Wang Guixin, Cao Junming, Zhu Yuxin, Wang Shuo, Li Yingxi, Yu Yue, Tian Yao, Cao Xuchen, Wang Xin
The First Department of Breast Cancer, Key Laboratory of Cancer Prevention and Therapy, Tianjin's Clinical Research Center for Cancer, National Clinical Research Center for Cancer, Key Laboratory of Breast Cancer Prevention and Therapy, Tianjin Medical University Cancer Institute and Hospital, Tianjin Medical University, Tianjin, 300060, China.
Tianjin Medical University, Tianjin, 300070, China.
J Cancer. 2025 Jun 12;16(9):2800-2811. doi: 10.7150/jca.113348. eCollection 2025.

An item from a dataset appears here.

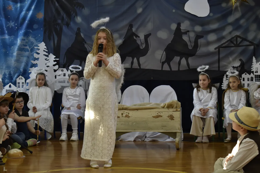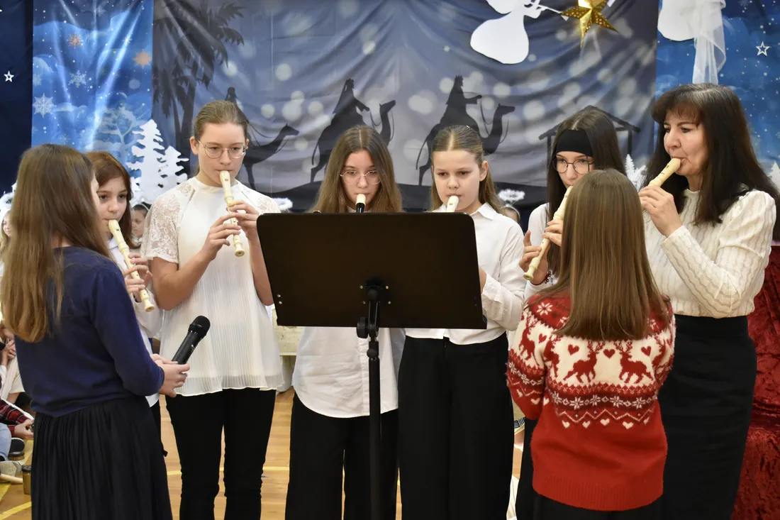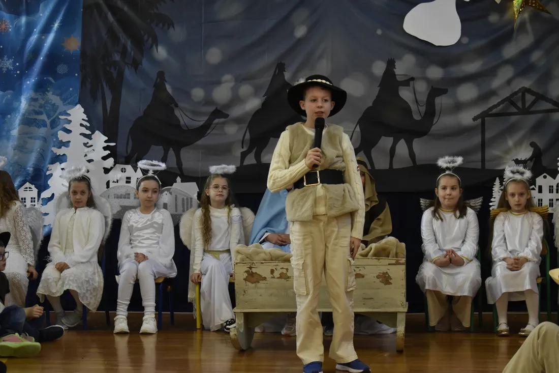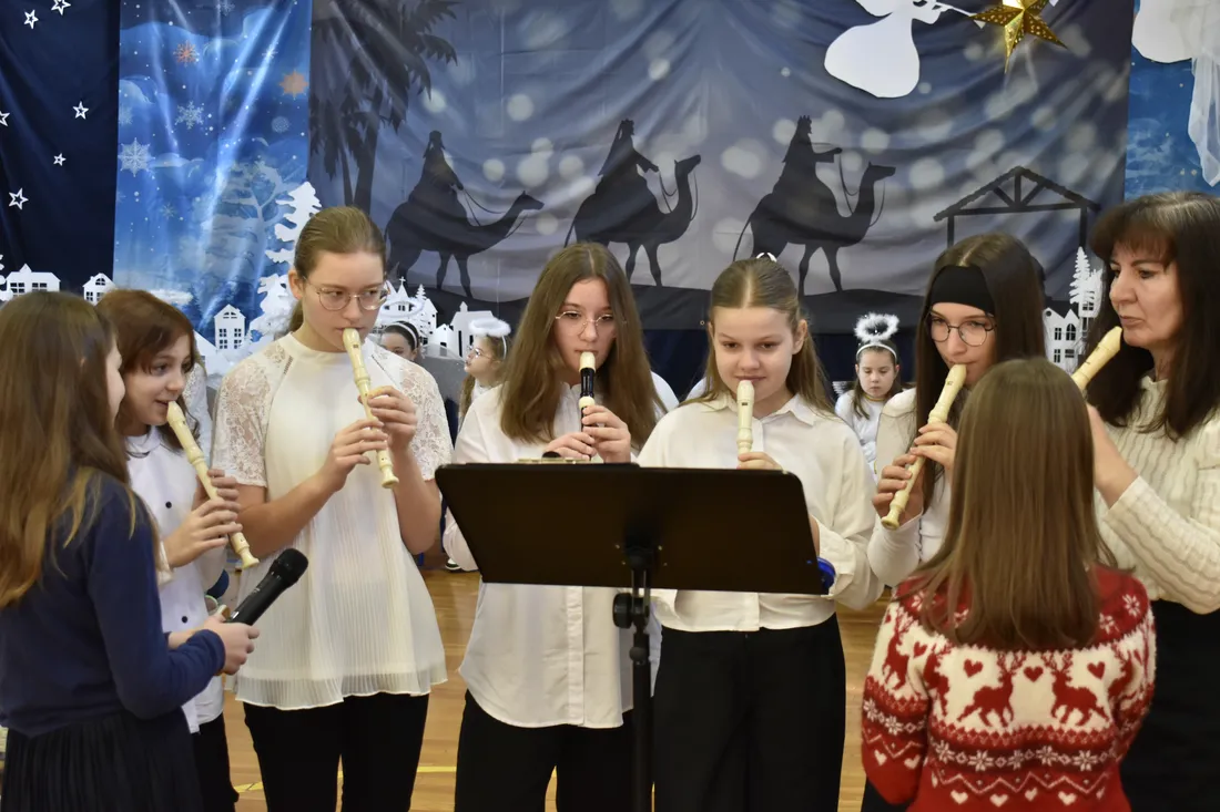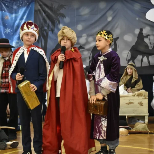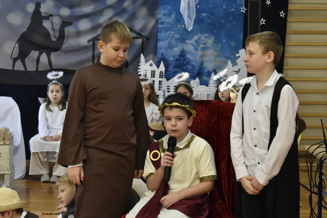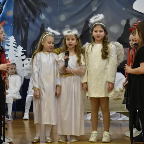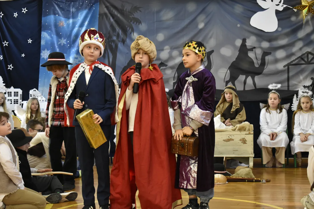 W piątek w naszej szkole odbyły się jasełka bożonarodzeniowe pt. „Wesoła Nowina”, przygotowane przez uczniów klas trzecich. Przedstawienie w piękny i radosny sposób ukazało prawdę o narodzinach Jezusa, niosąc przesłanie nadziei, miłości i pokoju.
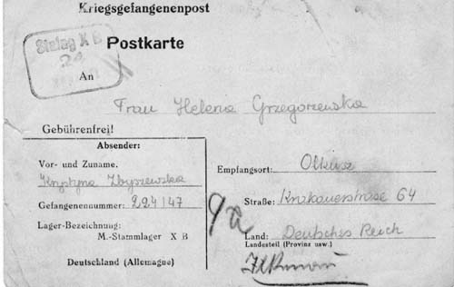 Kartka pocztowa wysłana z obozu jenieckiego Stammlager XB przez 14-letnią Krsytynę Zbyszewską – harcerkę z powstańczej poczty polowej. -

Breast cancer has become one of the most common malignant tumors in women. Although the emergence of molecular typing has greatly improved the prognosis of breast cancer patients, some patients still face drug resistance, recurrence and metastasis. At present, the development of effective biomarkers is still an important direction of breast cancer research. This study aims to provide new ideas for individualized treatment of breast cancer by identifying new biomarkers and constructing models to predict the prognosis of breast cancer patients. In this study, seven tumor-dependent genes associated with tumor proliferation were identified through the combined analysis of bulk-RNA sequencing and CRISPR-CAS9, and the mechanism of their potential promotion of tumor proliferation was initially analyzed. Immune infiltration analysis suggested these genes may be associated with the formation of immunosuppressive microenvironment. In addition, we constructed a gene signature based on seven genes that can predict prognostic risk in patients with breast cancer. The group with higher signature scores was associated with more GATA3 somatic mutations. Finally, we screened potential drugs suitable for high-risk groups to improve their outcomes. Our study provides potential therapeutic targets as well as individualized treatment strategies for breast cancer.
乳腺癌已成为女性最常见的恶性肿瘤之一。尽管分子分型的出现极大地改善了乳腺癌患者的预后,但仍有一些患者面临耐药、复发和转移问题。目前,开发有效的生物标志物仍是乳腺癌研究的一个重要方向。本研究旨在通过鉴定新的生物标志物并构建预测乳腺癌患者预后的模型,为乳腺癌的个体化治疗提供新思路。在本研究中,通过对批量RNA测序和CRISPR-CAS9的联合分析,鉴定出七个与肿瘤增殖相关的肿瘤依赖性基因,并初步分析了它们潜在促进肿瘤增殖的机制。免疫浸润分析表明这些基因可能与免疫抑制微环境的形成有关。此外,我们基于七个基因构建了一个基因特征,可预测乳腺癌患者的预后风险。特征评分较高的组与更多的GATA3体细胞突变相关。最后,我们筛选了适合高危组的潜在药物以改善其预后。我们的研究为乳腺癌提供了潜在的治疗靶点以及个体化治疗策略。